In his work at Sheffield he is acutely sensitive to the complexities involved in the transformation of the post-industrial city. “Sheffield is in the rain-shadow of city regions like Manchester, Leeds and Nottingham, and that is a problem. Places like Sheffield are asking, what are we here for? Where is our competitive edge? Before the mid-Sixties they would never have had to ask questions like that.”

Gulliver is not, he says, an ‘economic determinist’ but he still believes that economic progress is the force behind urban vitality. “It is difficult to get discussion about cities and big places without focusing on issues such as social inclusion, poverty and welfare. This is an important part of the debate but the economy is at the centre, improvement must be underpinned by economic development.”

He also believes that there are limits to what a city can do to transform its economic prospects. “Eighty per cent of Scotland’s future performance is not amenable to change, it’s outside of our control,” he says. “We pull small levers. We should focus on the five or six things that we can influence; airports and connectivity, higher education and making Edinburgh and Glasgow really beautiful.”

He is also convinced that agencies other than local government need to transform cities. “I don’t think that you can revitalise and rebrand places without taking risks – calculated informed risks but they are still risks. Local authorities are not set up to manage and take risks; they are part of the regulatory school concerned with public services.”
What does he see in store for Scotland’s cities? Gulliver avoids the politically correct response that demands he talk about all of Scotland’s six major centres. “There are really only two big places in Scotland. In any country you need someplace in the heavyweight division – that is Glasgow. It’s a city region and it has a large catchments area. When you have that, certain things happen. Edinburgh is not heavyweight but it has terrific footwork,” he adds. What Scotland lacks, he argues, is a political champion of places. “Places are public goods, but they need political championing and institutional champions too.”
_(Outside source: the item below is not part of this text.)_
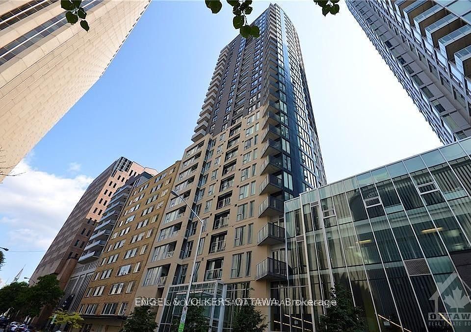 Welcome to Tribeca South where downtown living meets modern style.This bright and spacious 2-bedroom, 2-bath condo has it all: underground parking, a storage locker, and a sun-soaked interior wrapped in floor-to-ceiling windows. Recently upgraded marble tile flooring flows through the main living areas, adding a sleek, luxurious feel, while the bedrooms keep their warm hardwood finishes for the perfect blend of style and comfort. Quartz countertops, stainless steel appliances, and custom blackout/privacy blinds complete the polished look. Step outside your door and enjoy resort-style amenities: a 24-hour concierge, 7,000 sq. ft. landscaped terrace, 4,500 sq. ft. recreation centre with a lap pool and cutting-edge fitness facility, plus rooftop access with jaw-dropping panoramic views of the city. Need groceries? Farm Boy is right downstairs. Want a night out? You're just steps from the ByWard Market, Rideau Canal, Parliament, Elgin Streets buzzing dining scene, and endless shopping and entertainment.Vacant and move-in ready, this is your chance to own a stylish downtown retreat in one of Ottawas most coveted addresses. Life at Tribeca South isn't just convenient it's connected, vibrant, and full of energy. Some photos from when previously tenanted.

In England, Gulliver finds the backing of John Prescott for the regeneration agenda encouraging but he seems less enthusiastic about the Northern Way. “The city is a nice unit of account for harnessing the energy of the country. There is not a lot of regional consciousness knocking around; in a city you get a kind of emotional resonance.
“No doubt if you look at the league tables of performance there is a problem in the North. Maybe some specific initiatives to try and do something are worthwhile. I am a pragmatist – I’ll wait and see.”

Reading between the lines you can detect a definite lack of enthusiasm for the pan-Northern initiative. “Being a Northerner I resent the idea that we are letting the side down. The implication is that there is a type of person in the North that is less productive, lazier, not as bright and not as efficient or effective. The irony is that there was a time when all of the wealth creation was in the North of Britain and a disproportionate amount was accumulated in London and the South East. May be I’m too sensitive.

“If you want the North to perform better then you need to put in place the pre-conditions that help create wealth. Economic big ideas are difficult to come by. The merger of UMIST and Manchester University is a big idea. It was a bold thing to do, to create one terrific research university. Manchester had the courage and the confidence to do that; it is starting to take big steps.”